The easiest way to protect yourself & your pets is prevention….
- Stay away from tick infested areas.
- Stick to paths whenever possible.
- Ensure your skin is covered while walking outdoors in grassy or wooded areas.
- Wear a long sleeve shirt and a hat, as well as long trousers -for added protection tuck your trousers into your socks.
- Wear gloves when you handle animals or work in the woods.
- Wear light coloured clothing so ticks are easier to spot and brush off.
- Safely apply insect repellent on your clothes and skin-products containing DEET are best. Remember to wash the repellent off with soap and water after returning indoors.
On returning home you should…….
- Check your clothing for ticks – Ticks may be carried into the house on clothing. Any ticks that are found should be removed. Tumble dry clothes in a dryer on high heat for 10 minutes to kill ticks. If your clothes require washing, hot water is recommended. Cold and medium temperature water will not kill ticks.
- Examine gear and pets – Ticks can ride into the home on your equipment and pets, so carefully examine pets, coats, shoes/boots and backpacks.
- Shower soon after being outdoors – Showering within two hours of coming indoors has been shown to reduce your risk of getting Lyme disease and may be effective in reducing the risk of other tickborne diseases. Showering may help wash off unattached ticks and it is a good opportunity to do a tick check.

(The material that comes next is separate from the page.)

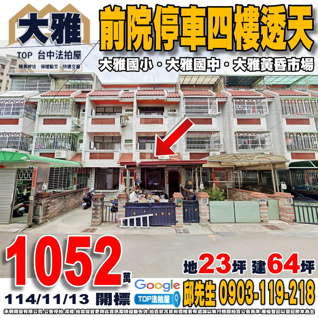 台中法拍屋》前院停車四樓透天|大雅國中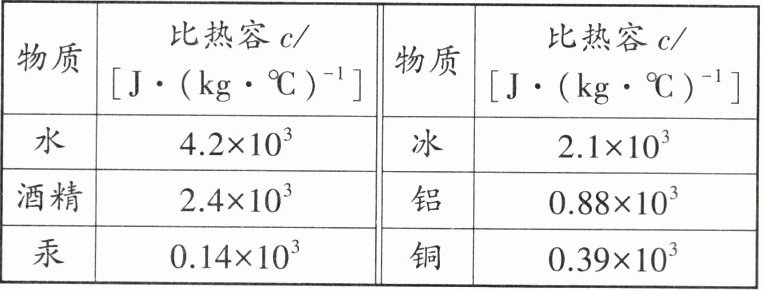 ) |物质|比热容$c/[J·(kg·℃)⁻^1]$|物质|比热容$c/[J·(kg·℃)⁻^1]$|

- Check your body for ticks after being outdoors. Conduct a full body check of both yourself & your children, paying particular attention to these areas;
On finding a tick it should be removed immediately. It is important to remove a tick as soon as you find it, removing the body helps to avoid diseases the tick may pass on during feeding & removing the head helps prevent the infection in the skin where the tick bit you.

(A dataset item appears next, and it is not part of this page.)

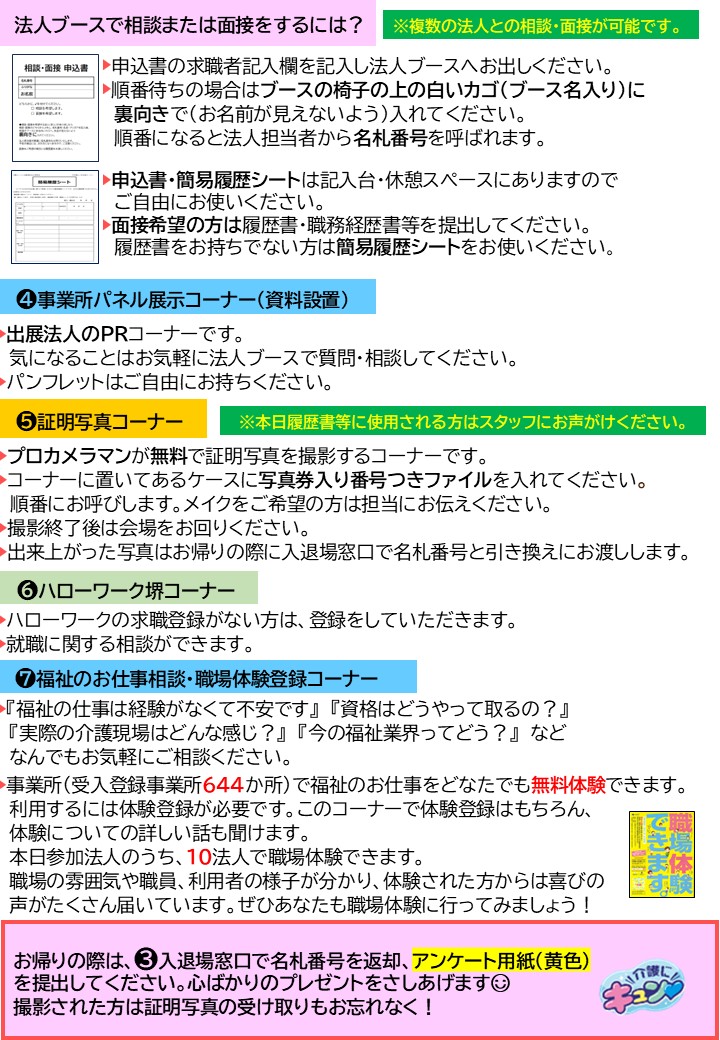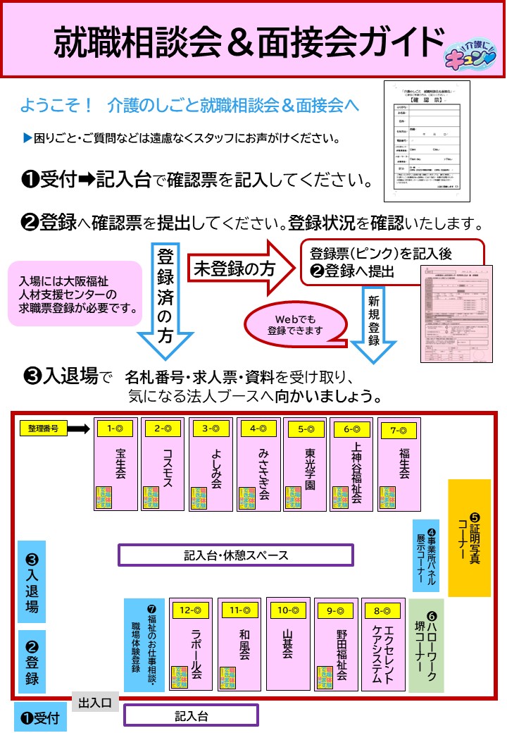 福祉のお仕事サイトの「仕事を探す」ページから新規登録し、求職票登録を行ってください。スムーズに入場できます。

- Tick removers are by far the safest and easiest equipment to use to remove ticks and are relatively inexpensive to purchase from most pet shops & vets (this is what we use in the salon, so if you can get to us, give us a call & we’ll happily arrange for you to pop in, so we can remove the tick for you).

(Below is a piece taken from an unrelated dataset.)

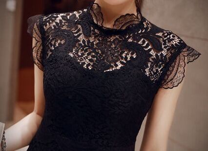 胸元と裾部分には透け感があり、重くなりがちな黒も軽やかに着こなせます。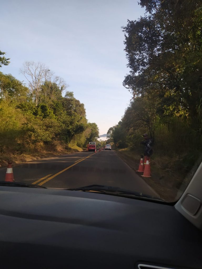A Secretaria de Estado da Infraestrutura realiza uma operação de tapa-buracos na SC-283, na altura de Linha São Luiz em Arvoredo. Motoristas devem ficar atentos, pois há máquinas na pista.

- Fine Tipped tweezers can also be used, but care must be taken to remove ticks as putting pressure on the tick’s body can release saliva into your animal increasing the risk of spread of any disease they may carry. Pulling on the tick can also risk leaving the mouthpart in the skin, causing an abscess to develop in time.
- Use fine-tipped tweezers to grasp the tick as close to the skin’s surface as possible.
- Pull upward with steady, even pressure. Don’t twist or jerk the tick; this can cause the mouth-parts to break off and remain in the skin. If this happens, remove the mouth-parts with tweezers. If you are unable to remove the mouth easily with clean tweezers, leave it alone and let the skin heal.
As some ticks are so small it is sometimes hard to tell whether the tick’s head has been removed however if you do not see any obvious parts of its head in the bite site then assume you have removed the entire tick.
Having removed the tick……
- Thoroughly clean the bite area and your hands with antiseptic or soap and water.
- Never crush a tick with your fingers. Dispose of a live tick by putting it in alcohol, placing it in a sealed bag/container, wrapping it tightly in tape, or flushing it down the toilet.
- Watch for signs of a skin infection. Carefully examine your skin and scalp. Be aware that the longer the tick is attached the more likely it is to pass on any infection.
- If you develop a rash or fever within several weeks of removing a tick, see your GP, ensuring, you tell the GP about your recent tick bite, when the bite occurred, and where you most likely acquired the tick.